Record excerpts Block Start
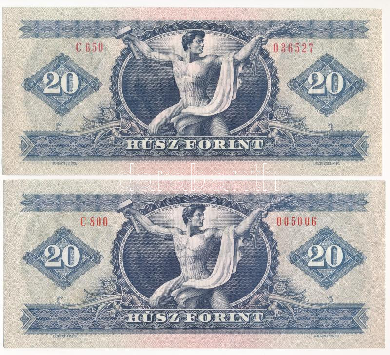1975. 20Ft (2x) az egyik papírránccal T:I,I- kis folt az egyiken
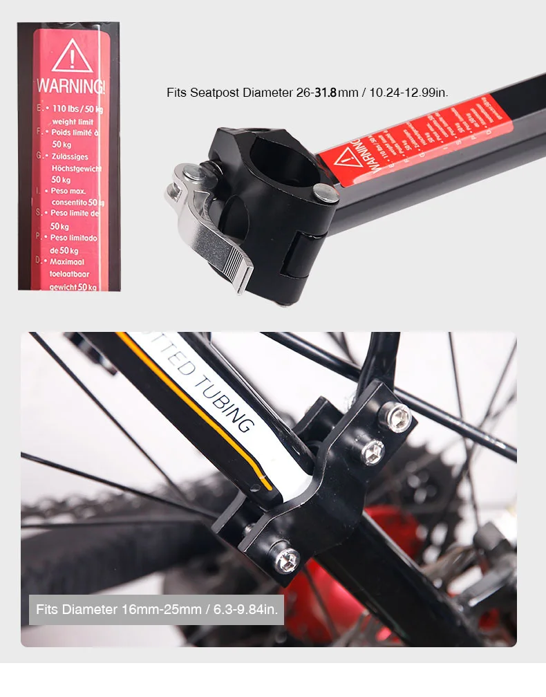 • Прочная конструкция из алюминиевого сплава, черное покрытие;• Высота и длина регулируется; Подходит для велосипедов 20-29 дюймов;• Быстросъемное крепление для стойки сиденья и крепление винта к раме для надежного позиционирования;• Болты с шестигранной головкой для фиксации и крепления;• Поставляется с инструментами для крепления.
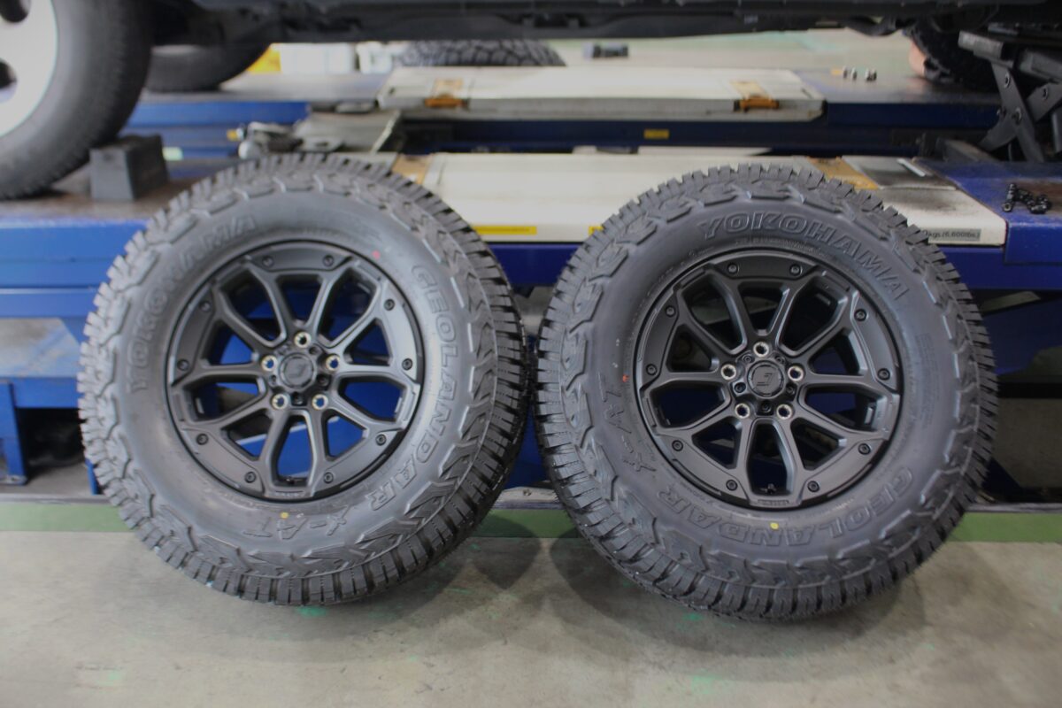 タイヤは、ジオランダーX-ATの見た目の迫力が十二分のデザインを選択。ラングラーのボディサイズにドハマりのタイヤパターン。
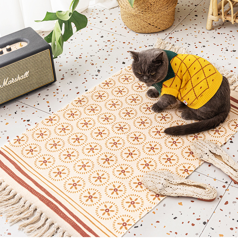 很美观大方的一款编织地垫哦,纯手工编织,源远流长的工艺
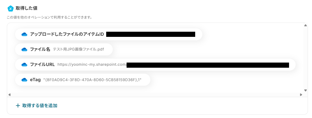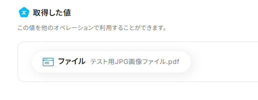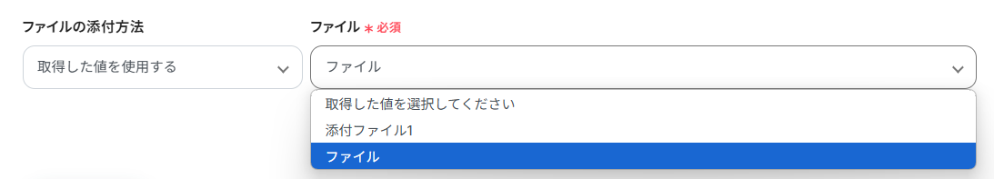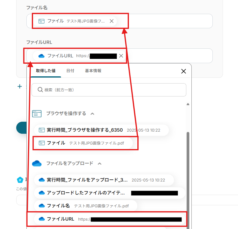 「ファイル名」「ファイルURL」は、入力欄をクリックして表示されるアウトプット(取得した値)から選択できます。
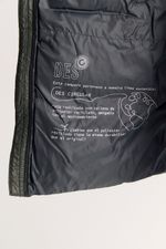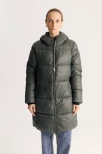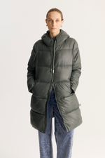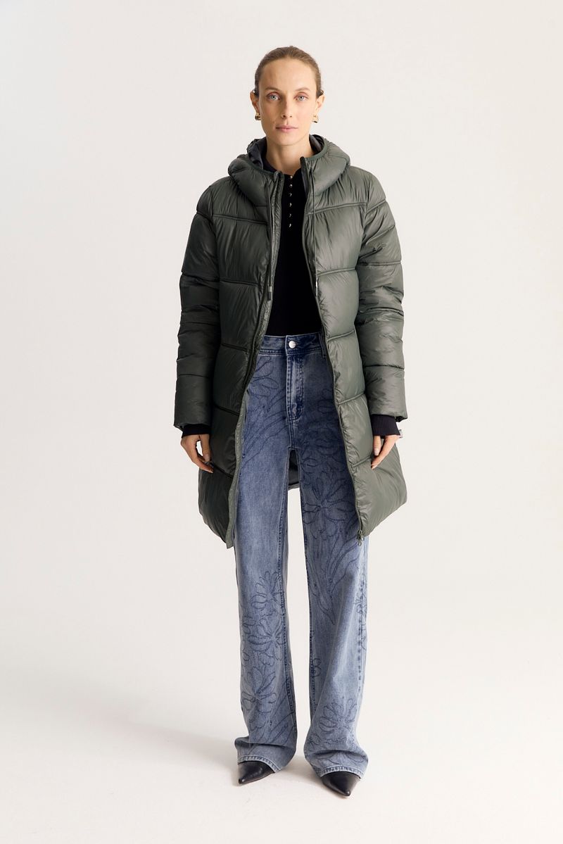 Campera de calce regular, con relleno liviano estilo ultra light. De largo por debajo de la cola, con matelasseado en rayas horizontales de doble pespunte
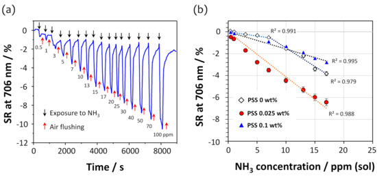 Figure 4b compares the SRs of the three DAR/TSPP+PSS sensor films, which were measured at 706 nm in all cases. Interestingly, the SR was influenced by the PSS content and increased in the following order: PSS 0.1 wt%, PSS 0 wt%, and PSS 0.025 wt%. In particular, the sensor film without PSS exhibited a slightly different adsorption behavior, having two linear ranges (0–7 ppm and 7–17 ppm), compared to the other two sensor films containing PSS, indicating a slow reaction at low ammonia concentrations. It may be that the diffusion of ammonia into the film is disturbed at low concentrations.
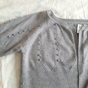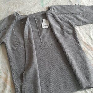 NWT Grey Cardigan Pearl Mid Sleeves Office Wear
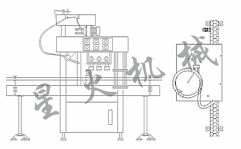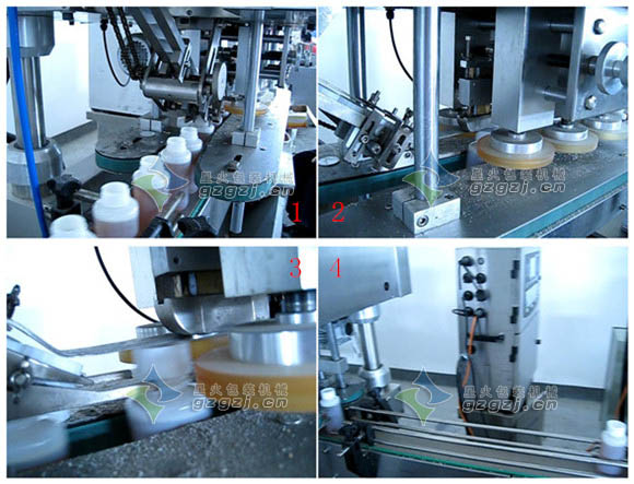1.采用間隙式星盤自動(dòng)定位,螺紋旋蓋。2.圓盤震動(dòng)落蓋,機(jī)械手取蓋,定位準(zhǔn)確無誤。3.瓶蓋由氣缸夾持(可調(diào)夾持力),旋蓋時(shí)無損傷。4.鎖蓋可調(diào)整扭力,以適應(yīng)不同瓶蓋的松緊。 鎖蓋頭部有緩沖裝置,進(jìn)一步降低損壞率。5.可按不同的容器和瓶蓋,更換鎖蓋頭部件及星盤,更換操作簡(jiǎn)便。
Record excerpts Block End
Nothing but the lines from the first line of the records above to the line with "Figure 4b compares", inclusive, should be transcribed exactly, and the pictures must be left out.

** The answer **
1975. 20Ft (2x) az egyik papírránccal T:I,I- kis folt az egyiken
 • Прочная конструкция из алюминиевого сплава, черное покрытие;• Высота и длина регулируется; Подходит для велосипедов 20-29 дюймов;• Быстросъемное крепление для стойки сиденья и крепление винта к раме для надежного позиционирования;• Болты с шестигранной головкой для фиксации и крепления;• Поставляется с инструментами для крепления.
 タイヤは、ジオランダーX-ATの見た目の迫力が十二分のデザインを選択。ラングラーのボディサイズにドハマりのタイヤパターン。
 很美观大方的一款编织地垫哦,纯手工编织,源远流长的工艺
 「ファイル名」「ファイルURL」は、入力欄をクリックして表示されるアウトプット(取得した値)から選択できます。
 Campera de calce regular, con relleno liviano estilo ultra light. De largo por debajo de la cola, con matelasseado en rayas horizontales de doble pespunte
 Figure 4b compares the SRs of the three DAR/TSPP+PSS sensor films, which were measured at 706 nm in all cases. Interestingly, the SR was influenced by the PSS content and increased in the following order: PSS 0.1 wt%, PSS 0 wt%, and PSS 0.025 wt%. In particular, the sensor film without PSS exhibited a slightly different adsorption behavior, having two linear ranges (0–7 ppm and 7–17 ppm), compared to the other two sensor films containing PSS, indicating a slow reaction at low ammonia concentrations. It may be that the diffusion of ammonia into the film is disturbed at low concentrations.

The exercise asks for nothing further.